Há muito se fala de como a conversa entre empresas e público deixou de ser um monólogo para, na era das redes sociais, se transformar num intenso diálogo —cheio de aprendizados e riscos. E o diálogo tem consequências.
Uma associação americana que reúne alguns dos CEOs mais importantes do mundo lançou novo compromisso baseado em proposição revolucionária: as empresas não devem mais seguir só os interesses de seus acionistas, mas da comunidade em geral, investindo em seus funcionários, protegendo o ambiente e tratando todos os seus “stakeholders” de forma justa e ética.
O histórico manifesto foi elaborado pela Business Roundtable, uma organização pró-business composta apenas por CEOs de empresas americanas, gente como Jeffrey Bezos (Amazon), Tim Cook (Apple), Mary Barra (General Motors) e Larry Fink (BlackRock).
A proposta de guinada brusca de orientação talvez não tenha repercutido tanto quanto sua ambição, dado o grau de desconfiança em relação ao grande capital e às grandes corporações. Desconfiança gerada justamente pela postura excessivamente focada no lucro, que o manifesto procura reorientar.
Vemos toda semana uma grande crise na relação de grandes companhias com o público. Inclusive no Brasil. Crises que podem envolver a relação da empresa com seus funcionários, com seus clientes, com o meio ambiente, com governos.
Diante de um público zangado e mobilizado, cresce a sensação de que é preciso mudar essa relação. O documento da Roundtable não especifica como a mudança deve ser feita. Parece mais um começo de DR do que um chamado à ação. Não será fácil nem há fórmula pronta.
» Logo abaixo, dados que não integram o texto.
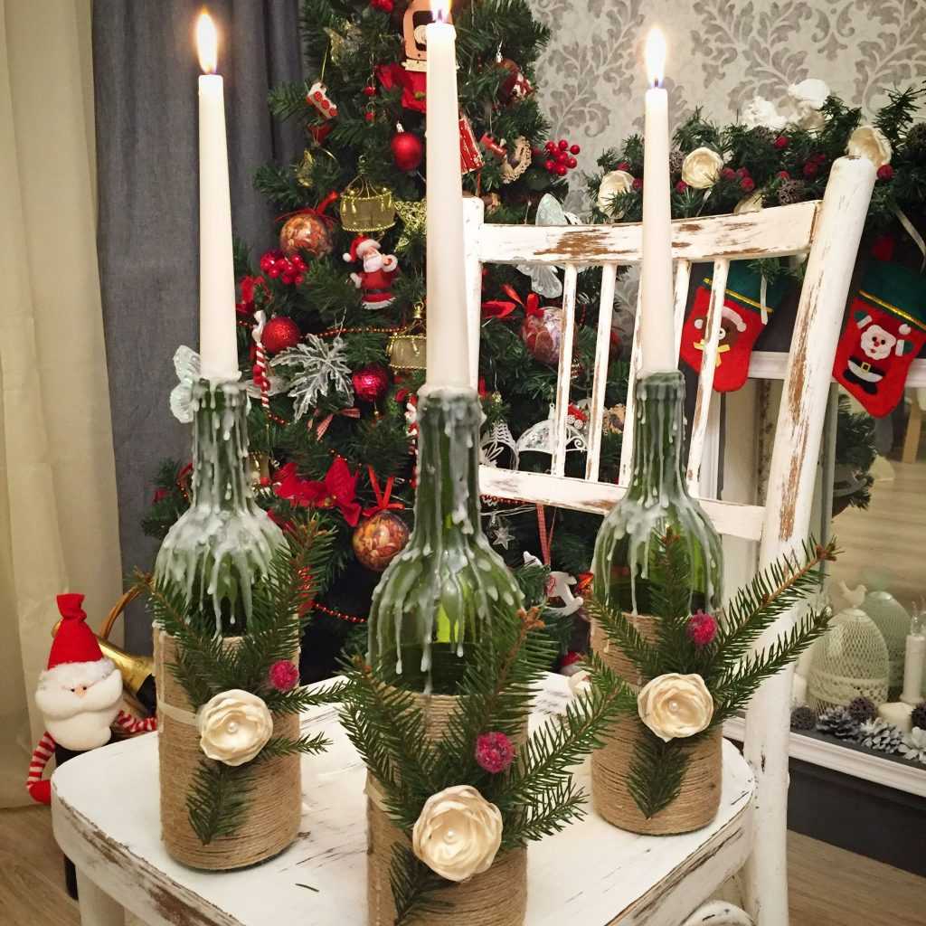 Симпатичными украшениями станут простые подсвечники, сделанные из небольших стеклянных банок, стаканов. Для этого их бока расписываются красками.

Cada empresa precisará buscar seu caminho de transformação. Mas já é um grande salto diante da antiga máxima de Milton Friedman de que a “responsabilidade social das empresas é aumentar seus lucros”.
Por enquanto há só promessas vagas de remunerar melhor funcionários, ampliando benefícios e treinamento; proteger o ambiente, adotando práticas sustentáveis, e promover diversidade, dignidade e respeito.
Os críticos acusaram a falta de medidas concretas e lembraram que as corporações estavam precisando se defender de ataques diários dos pré-candidatos democratas à Presidência, que acenam com medidas anticorporativas antes impensáveis de serem defendidas por líderes dos grandes partidos americanos.
Sou do time que reconhece os dados científicos. Eles apontam que a humanidade nunca viveu tão bem, segundo tudo o que pode ser medido: consumo de alimentos, acesso a bens e serviços, expectativa de vida... Atestam o sucesso do capitalismo como o sistema mais eficiente até aqui para gerar e distribuir prosperidade (mesmo que de forma desigual).
E uma das maiores forças do capitalismo é justamente seu dinamismo, sua capacidade de se abrir e incorporar pressões e inovações.
Para que as empresas possam mudar o foco do lucro líquido para o orgulho líquido e passem a atuar mais em prol de sua comunidade do que de seus acionistas, elas precisarão combinar isso com os russos, quer dizer, com seus investidores. Mas também nesse grupo não faltam sinais de mudança. Os fundos verdes são onda crescente nos mercados, e a corrida por tecnologias verdes é a nova corrida do ouro.
O capitalismo, como tudo, sempre precisa se reinventar. A concentração excessiva de renda é a serpente por trás dos maiores problemas da humanidade. O esbanjamento dessa liquidez é uma afronta. E o uso perdulário e inconsequente dos recursos do planeta é o caminho da destruição. Por isso, é fundamental que os grandes CEOs tomem para si uma pauta de estadistas.